«Главный герой „Рассказов о Чике“ попадает в сложную ситуацию, пожалев на базаре обиженного хулиганами старика и попросив о помощи уголовника. Герой В. Астафьева — подросток Толя Мазов — оказывается в не менее сложной ситуации, будучи фактически замешанным в кражу выручки у кассира и став свидетелем того, как осиротевшие дети попавшей под суд женщины оказываются в том же детдоме, где живет сам Толя. Любопытно, что оба мальчика поначалу не только не отдают себе отчета в содеянном, но даже чувствуют себя чуть ли не героями: Чик — оттого, что сумел-таки отомстить за старика, Толя — оттого, что вместе с друзьями совершил ловкий, отчаянный поступок и остался незамеченным. Прозрение в обоих случаях наступает быстро и оказывается горьким — совсем не потому, что вдребезги разбивает „миф“ о собственном „геройстве“, а потому что, в общем-то, совест-ливые, справедливые мальчишки видят страдания людей, случившиеся по их вине. <…>
Таким образом, это прозрение мальчиков-подростков и является главным сюжетным компонентом, которым пользуются оба автора, — оно является главным критерием проснувшейся совести и придает повествованию совершенно новый, неожиданный оттенок. Маленькие герои оказываются лицом к лицу с настоящим, большим злом — и смело вступают в борьбу с ним. Тут-то и начинаются расхождения: если Толе удается полностью исправить зло (он рискует жизнью, но дети кассира возвращаются домой), то у искандеровского Чика такой возможности просто нет — он не может в одно мгновенье (а также в два и в три) вылечить израненного, униженного парня — кульминацией рассказа является тот момент, где Чик пытается искупить вину, обмывая кровь с ног раненого (здесь присутствует явная перекличка с евангельским „омовением ног“). Таким образом, Ф. Искандер, как и В. Астафьев, подводит своих читателей к идее: добро не может существовать без зла. И для того, чтобы воспитать в подростке нравственные начала, зло необходимо как воздух».[136]
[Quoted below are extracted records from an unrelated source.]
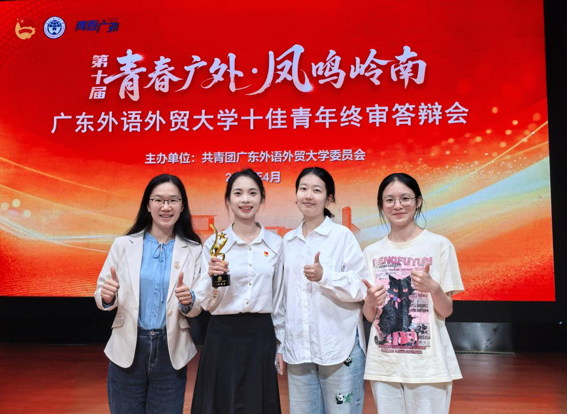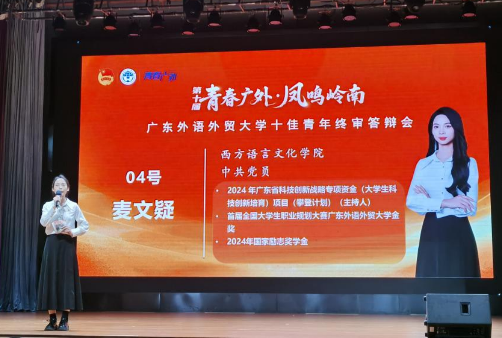 本网讯 4月25日,我校第十届“青春广外·凤鸣岭南”十佳青年终审评选活动在大学城校区B8报告厅举行。经前期学院推荐、材料初审、终审答辩,我院2021级俄语专业麦文疑同学以励志的青年身影、奋斗的青年姿态、奉献的青年精神脱颖而出,获评2025广东外语外贸大学第十届“十佳青年”荣誉称号。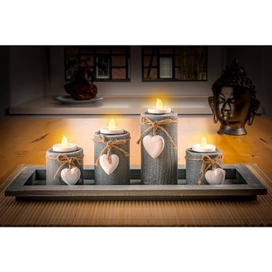 - Sett med 3 hvite LED-lys (hver 3,8 x 3,7 cm) - Unik flammeeffekt og ekte voksbelegg - kan knapt skilles fra ekte stearinlys - Med timerfunksjon - 6 timer på / 18 timer av - Kan brukes der ekte lys er for farlige eller ikke tillatt - batteridrevet 1 x 3 V CR2032 litiumknappcelle hver (4 stk inkludert i leveransen) - Merk: Beskytt mot ekstrem varme og sterkt sollys, ellers vil lysene smelte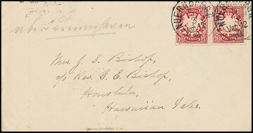 10 Pfg. per zwei auf Couvert von Nürnberg 1892 via Bremerhafen und San Franzisko nach Honolulu/Hawaii
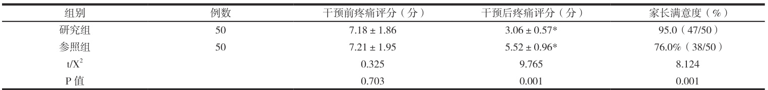 如表1所示,干预前两组患儿的疼痛评分相比无较大差异( P>0.05 );干预后两组均有所降低,研究组低于干预前和参照组,有显著差异和统计学意义( P<0.05 )。家长满意度比较,研究组高于参照制度( P<0.05⋅ )。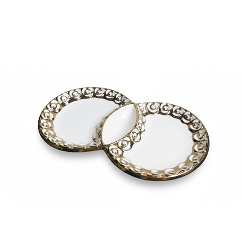 BJ 254 Presto Luxury Dual-Partition Ceramic Serving Tray Elegant White Porcelain Double Platter with Ornate Gold-Plated Latticed Rims

Ну а читатели — теперь уже больше сорока лет — просто считают Чика одним из лучших героев-подростков во всей мировой литературе. А цикл о нем — вневременным, универсальным словом, сказанным просто о самом главном.
Последние дни
После 75-летия художественной прозы у Искандера становится всё меньше. В интервью Ольге Масюкевич («Российская газета», 19 июля 2005 года) он признаётся, что проза уже не пишется, но — иногда появляются стихи: «Говорят, что они с годами уходят, а у меня — наоборот: рифмы стали приходить в голову, а вот проза не получается… Пишу о состоянии Родины, о человеке и его старости».
Он много читает и перечитывает — в основном классику: «Подростка» Достоевского, лирику Пушкина, а из современных — «я Бродским очень увлечен — совсем недавно перечитывал», — говорит Искандер интервьюеру.